International interest in Modern Middle Eastern art has grown from almost nothing in the past two decades—and so have prices. Now it must consolidate, and more authentication bodies, artist foundations and scholarly publications are needed. Issues in regard to authenticity are by no means unique to the Middle East, but there is the added complication that conflict here has destroyed archives and libraries, particularly in Syria and Iraq.
Recognising this gap and the regional appetite for progress, scholarship is on a fast track. That much is evident at Art Dubai (until 24 March), where a cluster of events, including a symposium, a loan exhibition and book launches reflect activity on both the commercial and the curatorial fronts.
The eighth volume in the Primary Documents series from New York’s Museum of Modern Art is launching at the fair. It includes texts translated into English for the first time. A dearth of translations has impeded study of Middle Eastern Modern art history. “With the lack of full documentation and forensic investigation, we can only rely on provenance and logical reasoning,” says Nada Shabout, from the University of North Texas, who co-edited the publication and sits on Art Dubai’s Modern Advisory Committee. She is also the academic adviser to a loan exhibition supported by Saudi Arabia’s Misk Art Institute, a new partner to the fair. That Feverish Leap into the Fierceness of Life is a survey of Modernist groups from five Arab cities by the independent curators Sam Bardaouil and Till Fellrath.
Last year, the first catalogue raisonné for the Egyptian painter Mahmoud Saïd, written by Valérie Didier-Hess of Christie’s and the scholar-collector Hussam Rashwan, was launched at Art Dubai. The duo are now working on a publication on Abdel Hadi El Gazzar, another 20th-century Egyptian artist.
“The Middle Eastern art market cannot progress or evolve without academia and without books,” Didier-Hess says. She notes a growing need to reassure buyers by publishing serious books. “It’s a tragedy that there is such an academic hole in Middle Eastern art and we are running out of time to archive, document and protect it: we are 20 years too late.”
Didier-Hess is working with Gazzar’s family, which has “extensive archives, including a scrapbook in which [his] widow kept a meticulous written and visual record of every work she or her husband sold”. The family also authenticates works, although, unlike others, it does not charge for the service.
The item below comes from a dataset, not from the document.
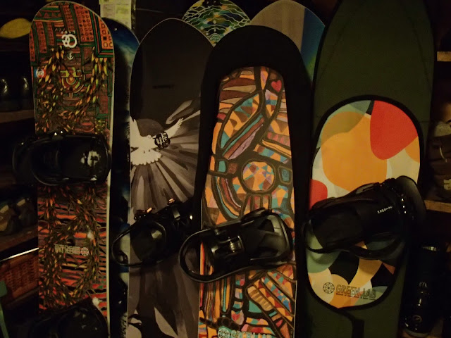 うちの玄関に、ズラリ高価なスノーボードが並びました。

Gazzar’s daughter Tayseer is due to speak at Art Dubai’s symposium on Wednesday 21 March. Indeed, it is often the children of Modernist artists who are leading foundations. Another is Manuella Guiragossian, daughter of the Armenian-Lebanese painter Paul Guiragossian, whose family was one of the first to establish such a foundation formally in the region in 2011. “After prices went up significantly, starting at Christie’s first sale in Dubai in 2006, we saw an increase of horrible fakes making their way into collectors’ homes and in the market,” she says. After five years’ work, the foundation is launching the first comprehensive, 400-page monograph of Guiragossian’s work at Art Dubai this week.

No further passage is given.